Rivera was supposed to be a starter, but that didn't work out. Yankees owner George Steinbrenner had to be talked out of trading him away. (It should be noted that the Yankees found success again during the mid 90s, after their worst extended stretch in franchise history, only when Steinbrenner's fingerprints were removed from most of the roster decisions.) Rivera transitioned into a relief role, discovered his cutter (arguably the greatest pitch in baseball history), and became the best in history at finishing out ballgames.

My most vivid memory involving Rivera involves Game 7 of the 2001 World Series. Rivera was only about a third of the way into his career at that point, but had already established himself as the closer in baseball. He'd pitched 77.2 postseason innings to that point, and had a 0.70 ERA. He had a 6-0 record and 24 saves, with only one blown opportunity (Thank you very much, Sandy Alomar!). He felt unbeatable.

I was in my senior year of college during the fall of 2001, and watching Game 7 at my apartment with my two roommates and my then girlfriend. Having suffered through the Yankees winning four of the previous six World Series, and having watched my beloved Indians lose the other two Fall Classics during that stretch, my hatred for the Yankees had blossomed like a beautiful flower, and then spread like a merciless weed.

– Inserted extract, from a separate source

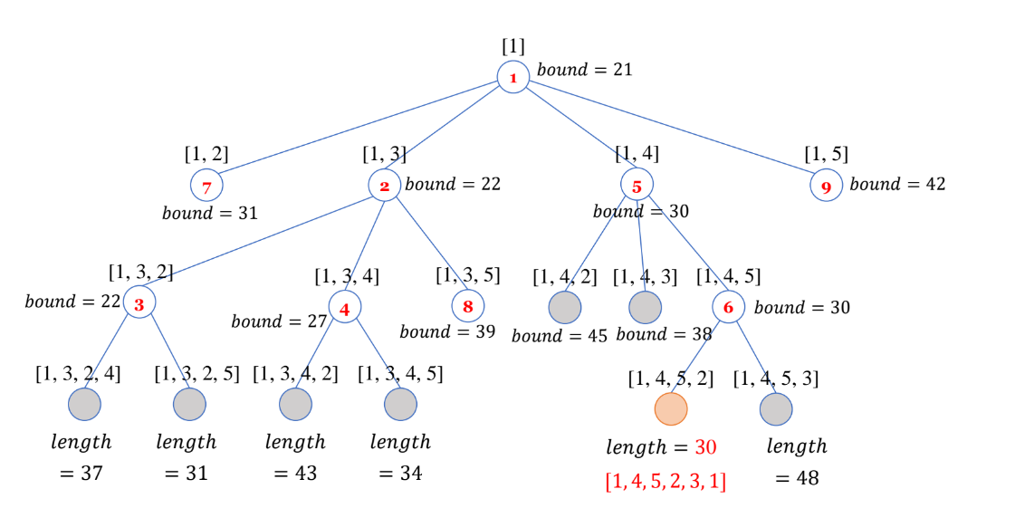 - 결과는 [1,4,5,2,3,1]이 최적 경로가 되고 그 길이의 합은 30이 된다.

The Diamondbacks took the lead, but gave it up, and to lead off the top of the 8th, Curt Schilling gave up a home run to Alfonso Soriano, putting the Yankees ahead. There were still two innings left, but I knew the game was over. Rivera would be brought in to pitch those two innings, and that would be that. My entire college career was going to being nothing but Yankees World Series victories. I retreated to my bedroom to shout obscenities into my pillow.

Suddenly someone was lying in my bed next to me, and because one of my roommates was the sort of guy who enjoyed making miserable situations even worse, I thought it was him, having come to taunt me. I wheeled around with my elbow out, nearly knocking my girlfriend's teeth out. I suppose even that roommate of mine understood that the situation was too dire to make light of.

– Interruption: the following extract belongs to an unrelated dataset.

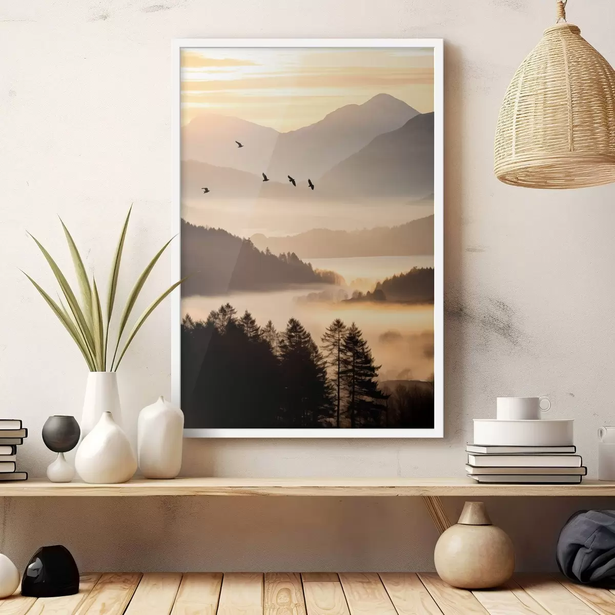 Poster Un peisaj montan cu o pădure și păsări care zboară pe cer , toate acoperite de un strat gros de ceață în timpul răsăritului f45564

As you almost certainly recall, Rivera didn't close out the game. He got through the 8th, but then gave up a double and two singles, plus a hit batter in the 9th, allowing two runs to score, and bringing an end to New York's reign of terror. I danced on our coffee table, screamed like a banshee, and celebrated what I've since come to think of as Yankees Death Day, my favorite holiday of the year (celebrated every year since except for 2009). That game didn't signal the end of Rivera's postseason wizardry though. In 62 postseason inning after that night, Rivera was even better than he had been before, with a 0.58 ERA.

I hated the Yankees. My emotions about them are at more of a simmer than a burn right now, because they haven't been much good in recent years, but that flame will never be extinguished.

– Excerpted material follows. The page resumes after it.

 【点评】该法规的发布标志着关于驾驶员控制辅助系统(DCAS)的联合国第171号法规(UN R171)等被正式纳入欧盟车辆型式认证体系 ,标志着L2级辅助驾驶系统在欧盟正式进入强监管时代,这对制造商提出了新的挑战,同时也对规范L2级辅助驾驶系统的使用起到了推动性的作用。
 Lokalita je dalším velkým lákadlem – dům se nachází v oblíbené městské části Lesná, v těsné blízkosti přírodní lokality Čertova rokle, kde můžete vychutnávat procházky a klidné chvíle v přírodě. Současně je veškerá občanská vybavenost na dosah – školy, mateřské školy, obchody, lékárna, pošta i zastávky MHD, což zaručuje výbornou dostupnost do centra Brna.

I hated Jeter, and Pettitte, and Williams, and Posada, and Martinez, and O'Neill, and Torre, and Steinbrenner, and Clemens, and A-Rod, and the yokels sitting in the bleachers, and the snobs sitting behind home plate.

I hated everything.

Mariano Rivera though, he was always somehow different. I was too struck with fear to have any room left over for disdain. Too filled with misery at the sight of him taking the mound, and too in awe of his excellence to have the energy left over for something as petty as hate.